Brand love arises, when a consumer had a positive experience, feeling and attachment with a certain brand (Karjaluoto et al., 2016). Brand love starts with the consumer having a preference for a brand, liking a brand and as a result it may become brand love (Huber et al., 2015). Once, the consumer notices the brand is satisfying for him or her, a connection is made with the brand on personal level. According to Fournier (1998) a relationship between a person and a brand can exist when both parties collectively affect, define and redefine the relationship. In addition, the brand must be active like a real person.

In addition, the consumer will engage in brand love when they categorize the brand as part of their identity. When this connection is present the consumer feels a sense of oneness with the brand. This connection of the brand to the self is also called ‘brand-self connection’ or ‘brand identification’ (Park et al., 2006, Bergkvist & Bech-larsen, 2010). It is the overlap between how the consumer sees his or her own self-image and the image of the brand. This connection with the brand can represent the values and beliefs of the consumer or how they want to be seen by others. Especially hedonic products can create brand love. These products allow the consumer to create fun, pleasure and joy (Caroll & Ahuvia, 2006).

The outcomes of brand love expresses in positive word-of-mouth, willingness to pay a higher price and higher brand loyalty. In addition, it also results in stronger purchase intentions and consumers accept product failures (Karjaluoto et al., 2016, Huber et al., 2014, Langner, Schmidt & Fischer, 2015). Also, these consumers who engage in brand love are often a member of the brands communities, travel long routes and are fully involved with every meeting and event. All of these outcomes will positively influence the brand.

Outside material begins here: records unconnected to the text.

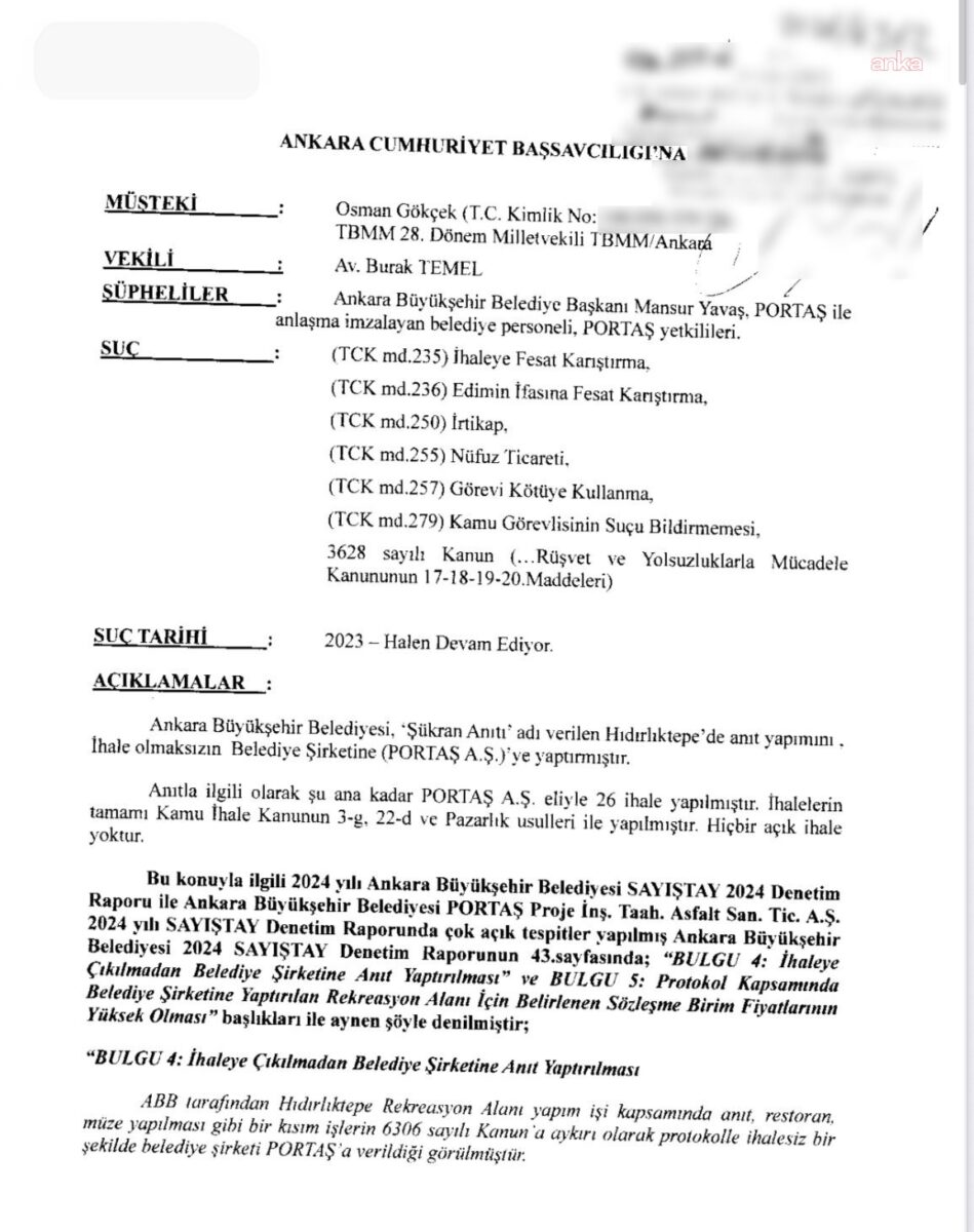Osman Gökçek tarafından Cumhuriyet Başsavcılığı’na sunulan dilekçede, Hıdırlıktepe’de yürütülen rekreasyon alanı ve anıt projelerine ilişkin, “ihaleye fesat karıştırma” ve “görevi kötüye kullanma” iddiaları yer aldı.
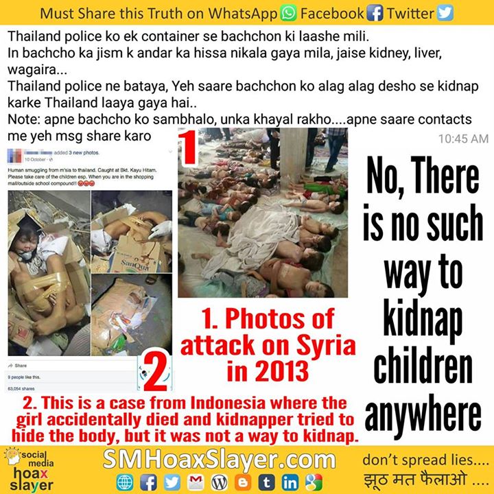 Hoax: Kids found in a container in Thailand being kidnapped for stealing organs.
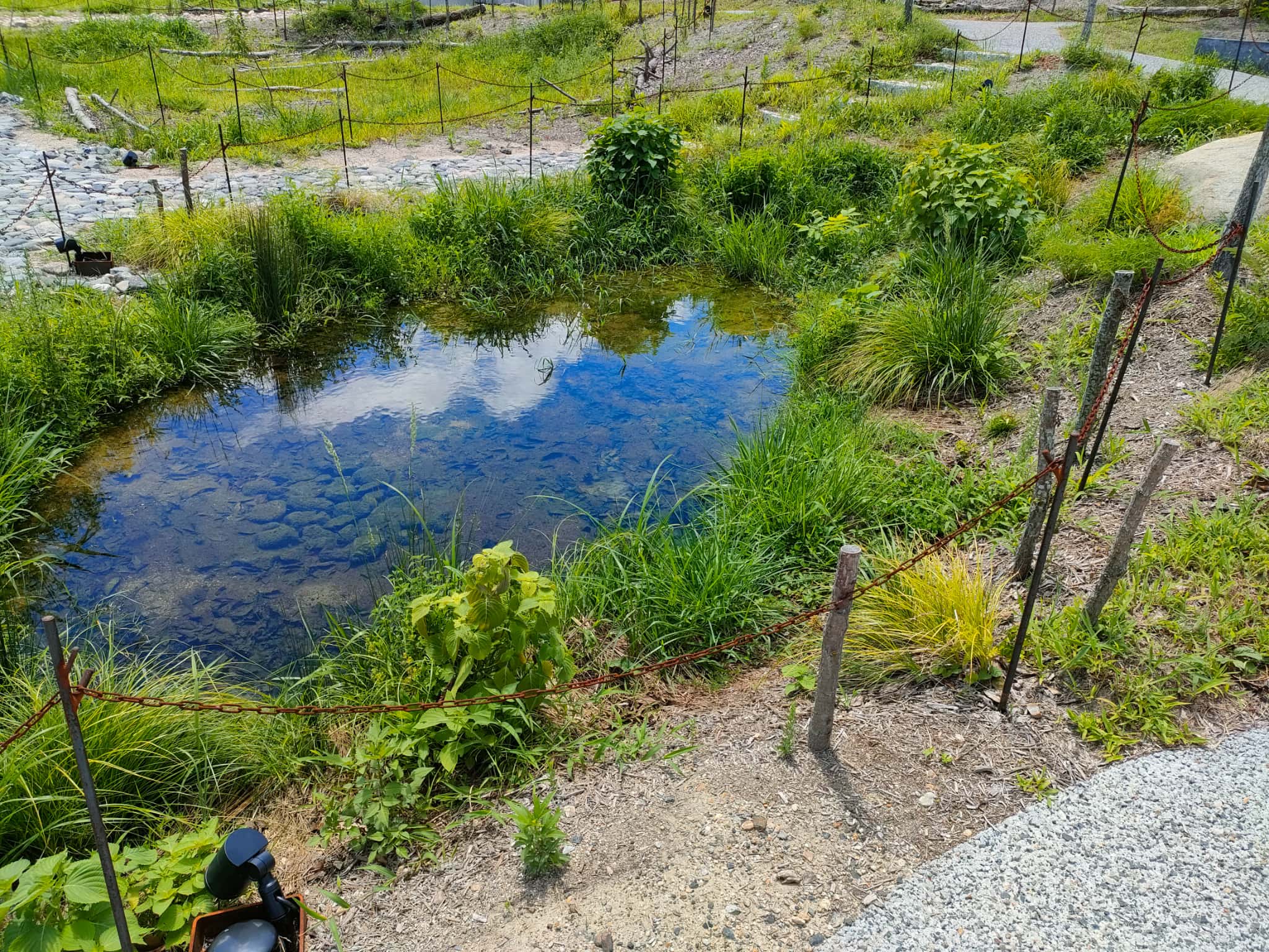 庭園には水を意識して、手動のポンプが設置され、水を汲み上げる体験などもできますし、池と小川が整備され、「自然美」を意識した「小世界」が作られています。

Brand love differs from brand loyalty. Brand loyalty is the degree to which the consumer is committed to repurchase of the brand (Caroll & Ahuvia, 2006). Caroll & Ahuvia (2006) confirmed that satisfied consumers who feel greater brand love are more loyal to a brand. This does not mean that if a consumer is loyal, he or she needs to have brand love for the brand. The consumer can be loyal to a certain brand, but does not have this emotional attachment with the brand. Brand loyalty is a consequence of brand love, but it does not have the same meaning. Emotional bonding drives brand loyalty (Hwang, Kandampully, 2012).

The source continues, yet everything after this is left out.